Sir Keir Starmer is leader of the Labour Party and Prime Minister, while Kemi Badenoch was elected the leader of the Conservative Party, and thus Leader of the Opposition, in November 2024.

===United States===
If elected, political parties have party leaders in the executive branch of the United States government. The President becomes the de facto leader of their respective political party once elected, and the Vice President likewise holds a leadership role as both the second-highest executive officer and the President of the Senate. However, major parties also generally have a National Committee as their governing body, which has separate leadership roles.

The legislative branch, otherwise known as the United States Congress, is made up of the upper chamber, the Senate, and the lower chamber, the House of Representatives, with party-elected leaders in each. The leader of the party with most of the representation (sometimes called the party-in-power) in each case is known as the majority leader, whereas the leader of the opposing party with the most members is known as the minority leader.

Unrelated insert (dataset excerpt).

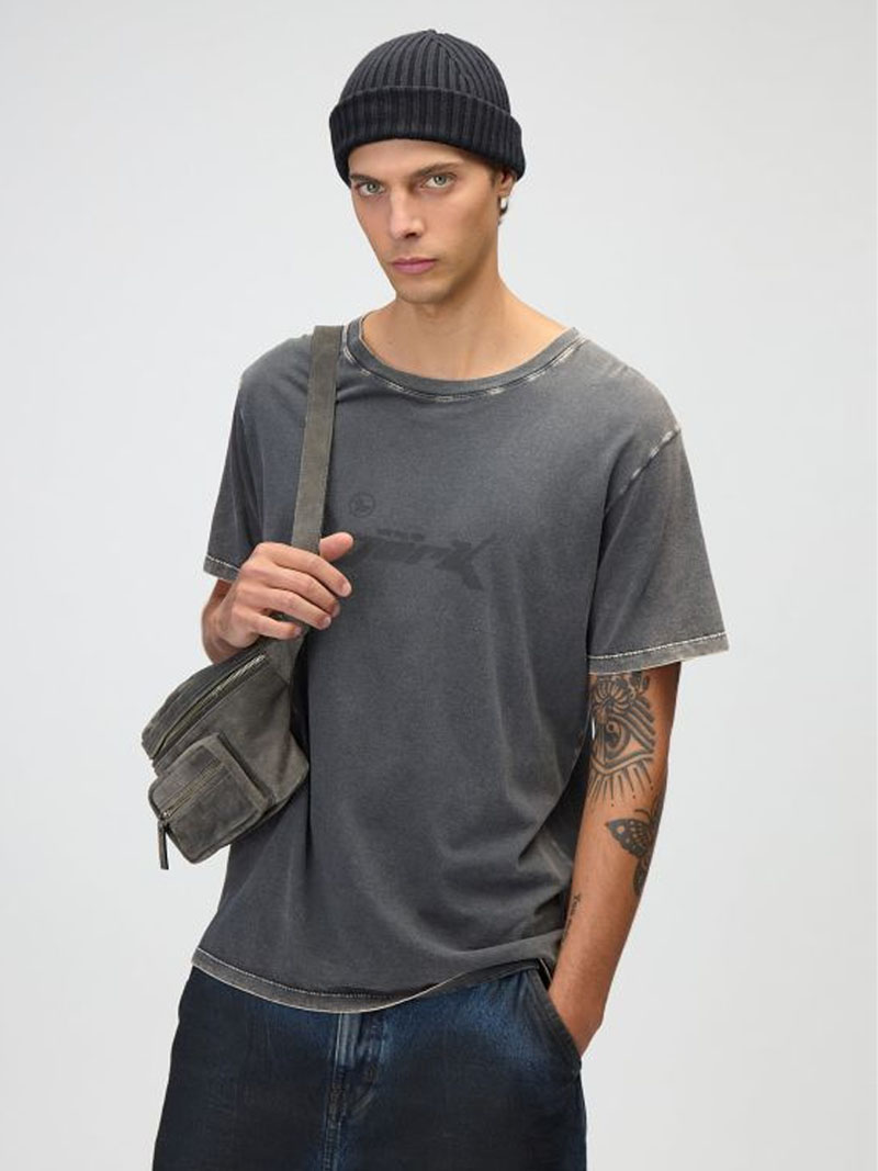 Remera regular fit manga corta con escote redondo. Confeccionada en jersey peinado 100% algodón. Estampa en serigrafía a sobretono en el frente. Proceso de teñido y gastado láser. Este artículo pertenece a la línea rock dentro de los essentials. Industria Argentina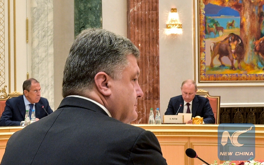 File Photo: Ukraine's President Petro Poroshenko (front), Russia's President Vladimir Putin (R) and Foreign Minister Sergei Lavrov attend a meeting with high-ranked officials representing Russia, Belarus, Kazakhstan, Ukraine and the European Union in Minsk, Aug. 26, 2014. (Xinhua/REUTERS)

Party leaders in the United States Senate have been elected by their respective political parties' caucuses since 1913. They include President of the Senate JD Vance, President Pro Tempore of the United States Senate Chuck Grassley, Senate Majority Leader John Thune and Senate Majority Whip John Barrasso on the Republican side, and Senate Minority Leader Chuck Schumer and Senate Minority Whip Dick Durbin on the Democratic side.

The party leaders of the House of Representatives are elected by their respective parties in the House by secret ballot. The Republican Party is represented in the House by Speaker of the House of Representatives Mike Johnson, whereas the Democratic Party is represented by Minority Leader Hakeem Jeffries. In the House of Representatives, the most powerful official is the House-elected Speaker.

Ken Martin serves as the chair of the Democratic Party, while Joe Gruters serves as the chair of the Republican Party.